Recorded data:
■ ■ ■ ■ ■ ■ ■

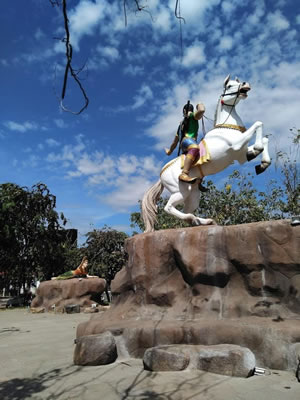 彼は、妻の持っていた目の治る薬を盗んで母たちのもとへ走ったが、これを追いかけた妻は途中で死んでしまった。 その場所が市街から北へ14㎞のところにあるニァンコングレイ山といわれる。 カニバリズムは本当は怖いグリム童話にもよく出て来るようですが何か救いのない話ですね。 時々観光バスが止まって彫像の前で記念写真を撮ったりしていますが・・・ (2019.12.7up)
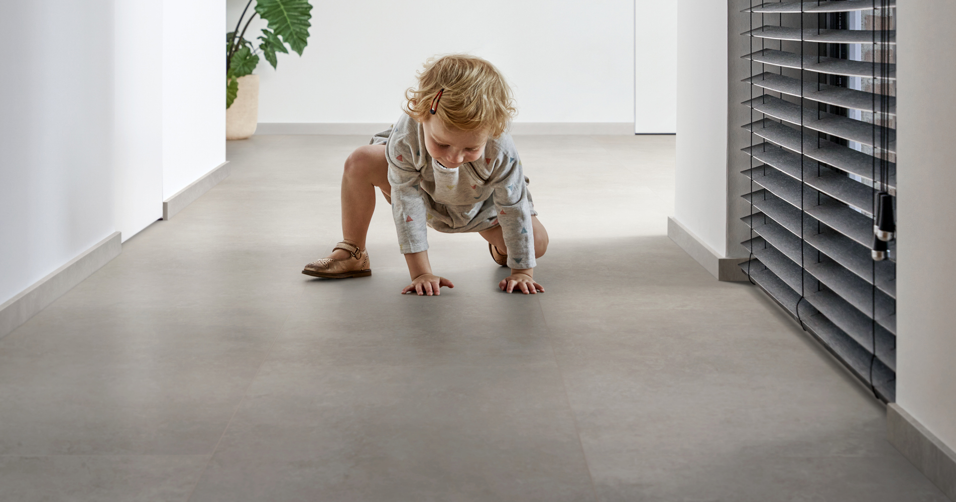 Des motifs exclusifs en bois ou en dalles offrent au concepteur ou au maître d’ouvrage d’innombrables possibilités, permettant au sol de s’intégrer parfaitement dans tout type d’intérieur. Le système de clic intégré, sans colle, garantit une installation flottante simple et rapide. La sous-couche en liège integrée rend toute sous-couche supplémentaire superflue et compense les petites irrégularités du support. Un sol Coretec® peut ainsi être posé directement sur un support en bois, en béton ou sur des dalles. Le liège assure également un confort de marche supérieur, rendant le sol plus chaud et plus silencieux.
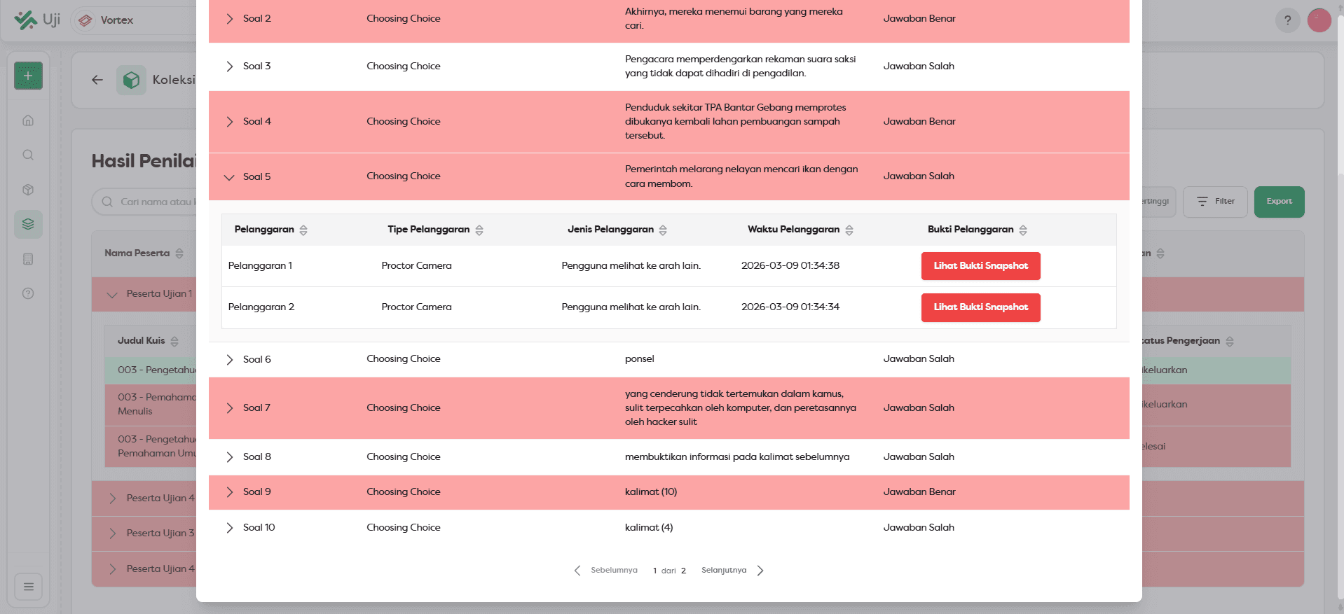 Sekarang kamu dapat melihat laporan pelanggaran yang dilakukan oleh Peserta selama Ujian berlangsung.
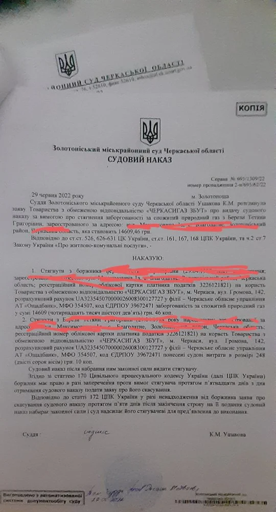248грн судовий збір. А якщо я напишу заяву, то Черкасигаз знову зможуть подати на суд?
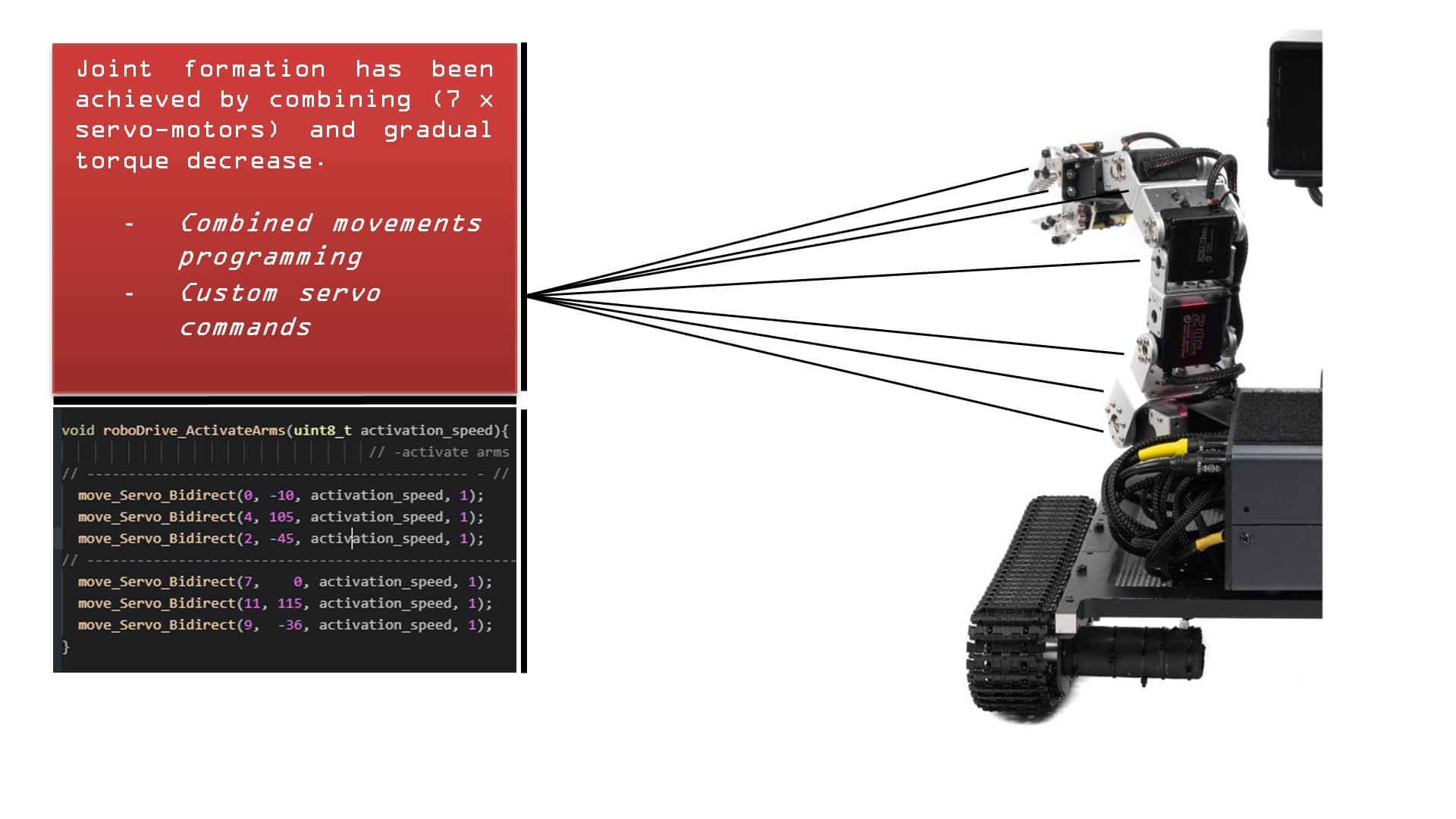 On the other hand, the arm movement can be programmed in advance, to be called later upon request via “roboDrive” console. Still the single servo-motor communication channel will be preserved and kept operational.

■ ■ ■ ■ ■ ■ ■

What you are asked to do
Return every record exactly, minus the pictures.

Written answer
 彼は、妻の持っていた目の治る薬を盗んで母たちのもとへ走ったが、これを追いかけた妻は途中で死んでしまった。 その場所が市街から北へ14㎞のところにあるニァンコングレイ山といわれる。 カニバリズムは本当は怖いグリム童話にもよく出て来るようですが何か救いのない話ですね。 時々観光バスが止まって彫像の前で記念写真を撮ったりしていますが・・・ (2019.12.7up)
 Des motifs exclusifs en bois ou en dalles offrent au concepteur ou au maître d’ouvrage d’innombrables possibilités, permettant au sol de s’intégrer parfaitement dans tout type d’intérieur. Le système de clic intégré, sans colle, garantit une installation flottante simple et rapide. La sous-couche en liège integrée rend toute sous-couche supplémentaire superflue et compense les petites irrégularités du support. Un sol Coretec® peut ainsi être posé directement sur un support en bois, en béton ou sur des dalles. Le liège assure également un confort de marche supérieur, rendant le sol plus chaud et plus silencieux.
 Sekarang kamu dapat melihat laporan pelanggaran yang dilakukan oleh Peserta selama Ujian berlangsung.
248грн судовий збір. А якщо я напишу заяву, то Черкасигаз знову зможуть подати на суд?
 On the other hand, the arm movement can be programmed in advance, to be called later upon request via “roboDrive” console. Still the single servo-motor communication channel will be preserved and kept operational.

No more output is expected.